İşte bu tabirler adeta Japonya ile bütünleşmiş olan ifadeler. Ve bunların yanında daha birçok kendine özgü kültür ve medeniyeti olan Japonya’nın meraklıları için kısaca tarihini hazırladık. Bakalım bu çekik gözlü kısa boylu çalışkan insanların tarihleri nasılmış?

Japonya tarihi antik zamanların şehir devletlerinin modern Japon ulus devletine ulaşacak şekilde coğrafi ve sosyal tarihini anlatmaktadır.
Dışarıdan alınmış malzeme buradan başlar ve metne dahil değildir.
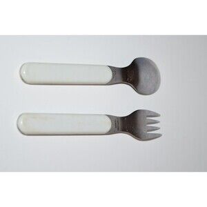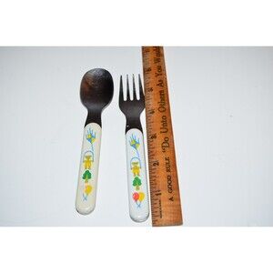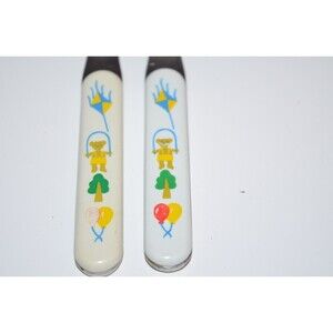 Vtg Teddy Bear flying Kite Spoon & Fork toddler Baby utensils
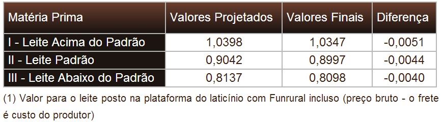 Verifica-se, conforme a Tabela 1, que, para o leite padrão, a diferença entre o projetado, divulgado no mês anterior, e o consolidado para o mês de outubro de 2013 é de -R$ 0,0044 (-0,49%).

Son buz devrinden sonra yani Milattan Önce 12000’li yıllardan sonra Japonya coğrafyasının zengin ekosistemi insan yaşamını destekler nitelikteydi.  Japonya’da bulunan en erken çömlek Jömon dönemine yani en geç mö. 350 yılına aittir. Japonya’yı gösteren ilk yazılı belge ise “Book of Han” olup Çin’de Han Hanedanlığı döneminde yazılmıştır.
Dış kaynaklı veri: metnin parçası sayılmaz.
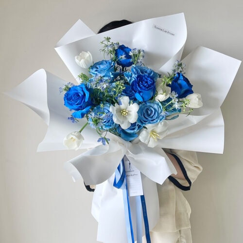 ช่อดอกไม้แสดงความยินดี ดอกกุหลาบสีน้ำเงินและสีฟ้า จากร้านดอกไม้ Flowerlab by Chanana ร้านดอกไม้ย่านเจริญนคร จัดส่ง Delivery ทั่วกรุงเทพฯ

Japonya´nın ilk sakinlerinin Doğu Asya ve Güney Pasifik adalarından gelen göçmenler olduğu sanılmaktadır. Japon halkının atalarının şimdi Yamato ırkı diye bilinen ve M.S. 3 ve 4. asırda savaşçı kabileler ve klanlar üzerine giderek üstünlük kuran aynı ırka ait insanlar olduğu zannedilmektedir.

Dördüncü yüzyılın sonunda Japonya ve Kore Yarımadasındaki krallıklar arasında temas kurulmuştu. Bu tarihten sonra Japonya´da Çin´in kültür etkileri görüldü. Önce Konfüçyüs dini ve sonra Budizm, Hindistan, Çin, Kore yoluyla 538 yılında Japonya’ya girmişti.

Ülkenin ilk ve devamlı hükumet merkezi 8. yüzyılın başında Nara´da kuruldu. 710 ile 784 yılları arasında 74 sene bu imparatorluk devam etti. 794 yılında ise Kyoto´da yeni bir hükumet merkezi kuruldu. Burası bin yıl kadar imparatorun oturduğu yer olmuştur. Başkentin Kyoto´ya taşınması, 1192 yılına kadar devam etmiş olan Heian devrinin başlangıcı olmuştur.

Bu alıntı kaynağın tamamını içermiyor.